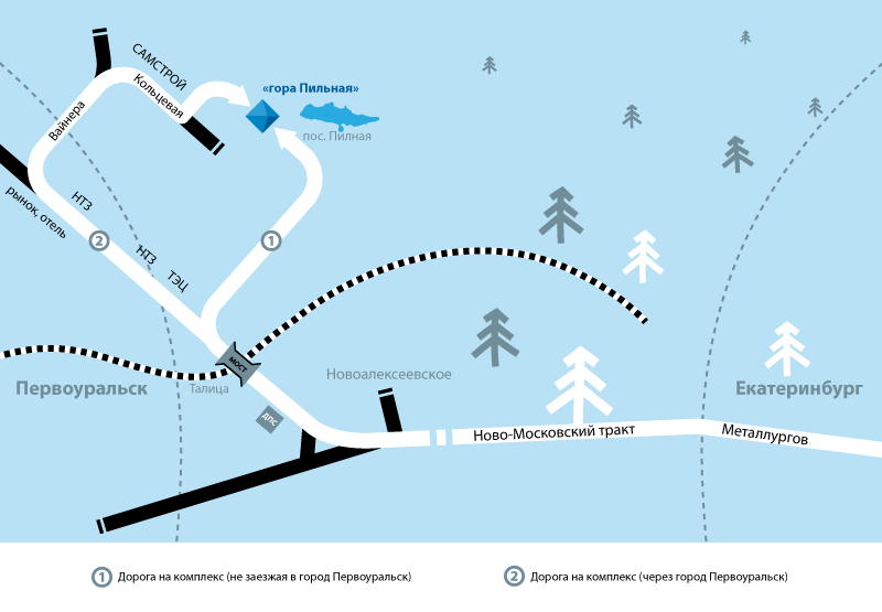 Горнолыжный комплекс расположен в 38 км от столицы Урала Екатеринбурга, в черте города Первоуральск. На автомобиле нужно ехать в сторону Перми (от Екатеринбурга). Или на электричке до Первоуральска, с пересадкой на местный автобус до поселка Пильная.Телефон: (34392) 44-88-5. Если до склонов горы Пильной решено добираться на автомобиле, то оптимальный маршрут из Екатеринбурга будет такой: выезд из Екатеринбурга с тороны Перьми до поворота на г. Первоуральск (главный ориентир — дорожный указатель на Первоуральск). На повороте свернуть направо и въехать в черту Первоуральска, минуя пост ДПС. При съезде с моста (через ж/д пути) требуется повернуть направо - отсюда до горы Пильная всего 6 км (сначала дорога идет вдоль железно-дорожных путей, потом на развилке повернуть налево и проехать частные дома, оставляя пруд справа. Ехать до автостоянки и административного корпуса горнолыжного комплекса "Гора Пильная".
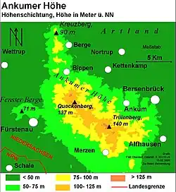 The highest elevations in the Ankum Heights are the Trillenberg, which is 140 metres (460 ft) high and is located in the southeastern part, and the Queckenberg, which has a 140 metres (460 ft) northwestern summit and a 137 metres (449 ft) southeastern peak and lies in the centre of the range.
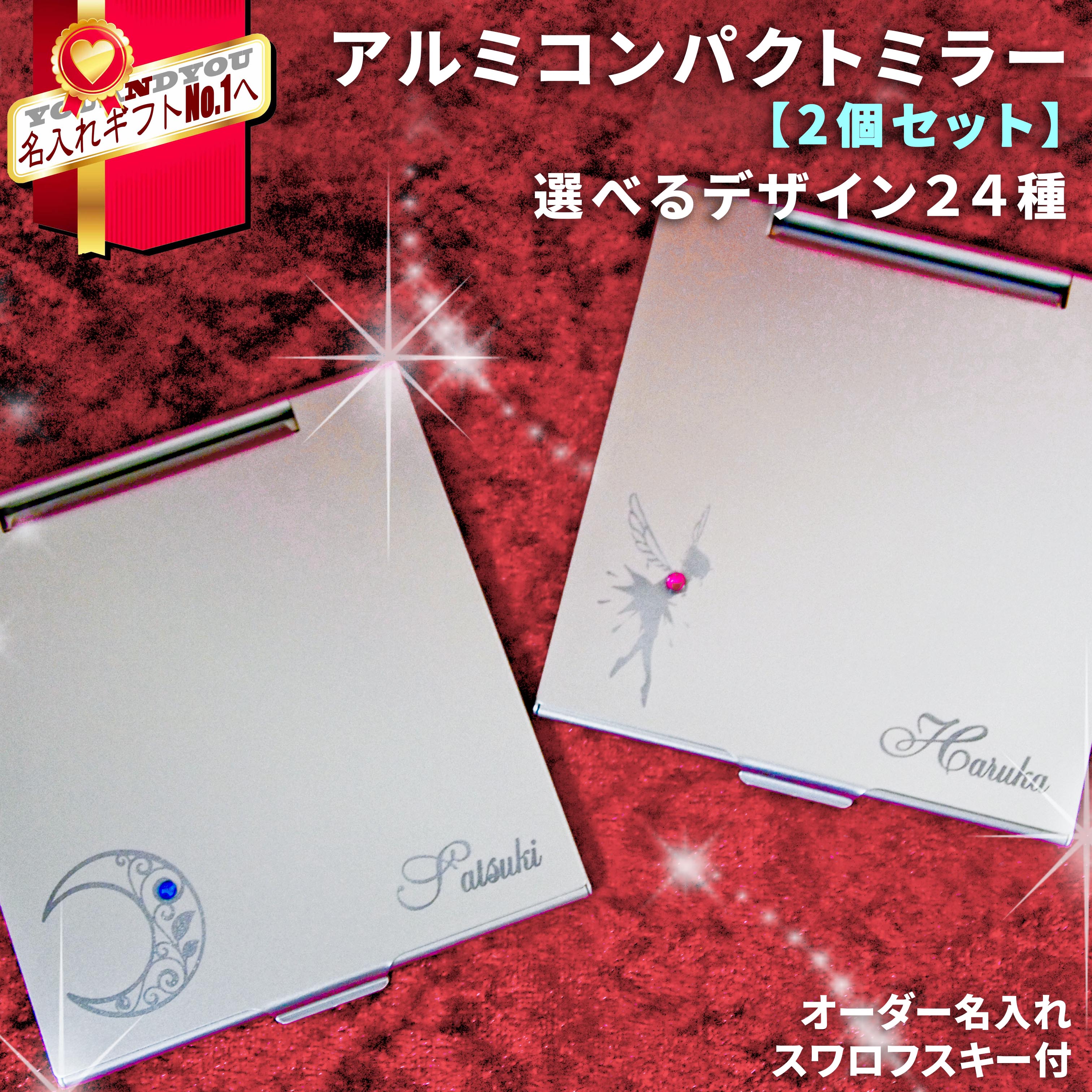P10倍! アルミコンパクトミラー 手鏡 2個セット誕生日 プレゼント 名入れギフト スワロフスキー付 ちょっとしたプレゼント 卒業 入学 誕生石 ホワイトデー

----

* **What is required**
Leaving every image behind, repeat the data in full and exactly.

* **Written solution**
 Горнолыжный комплекс расположен в 38 км от столицы Урала Екатеринбурга, в черте города Первоуральск. На автомобиле нужно ехать в сторону Перми (от Екатеринбурга). Или на электричке до Первоуральска, с пересадкой на местный автобус до поселка Пильная.Телефон: (34392) 44-88-5. Если до склонов горы Пильной решено добираться на автомобиле, то оптимальный маршрут из Екатеринбурга будет такой: выезд из Екатеринбурга с тороны Перьми до поворота на г. Первоуральск (главный ориентир — дорожный указатель на Первоуральск). На повороте свернуть направо и въехать в черту Первоуральска, минуя пост ДПС. При съезде с моста (через ж/д пути) требуется повернуть направо - отсюда до горы Пильная всего 6 км (сначала дорога идет вдоль железно-дорожных путей, потом на развилке повернуть налево и проехать частные дома, оставляя пруд справа. Ехать до автостоянки и административного корпуса горнолыжного комплекса "Гора Пильная".
 The highest elevations in the Ankum Heights are the Trillenberg, which is 140 metres (460 ft) high and is located in the southeastern part, and the Queckenberg, which has a 140 metres (460 ft) northwestern summit and a 137 metres (449 ft) southeastern peak and lies in the centre of the range.
P10倍! アルミコンパクトミラー 手鏡 2個セット誕生日 プレゼント 名入れギフト スワロフスキー付 ちょっとしたプレゼント 卒業 入学 誕生石 ホワイトデー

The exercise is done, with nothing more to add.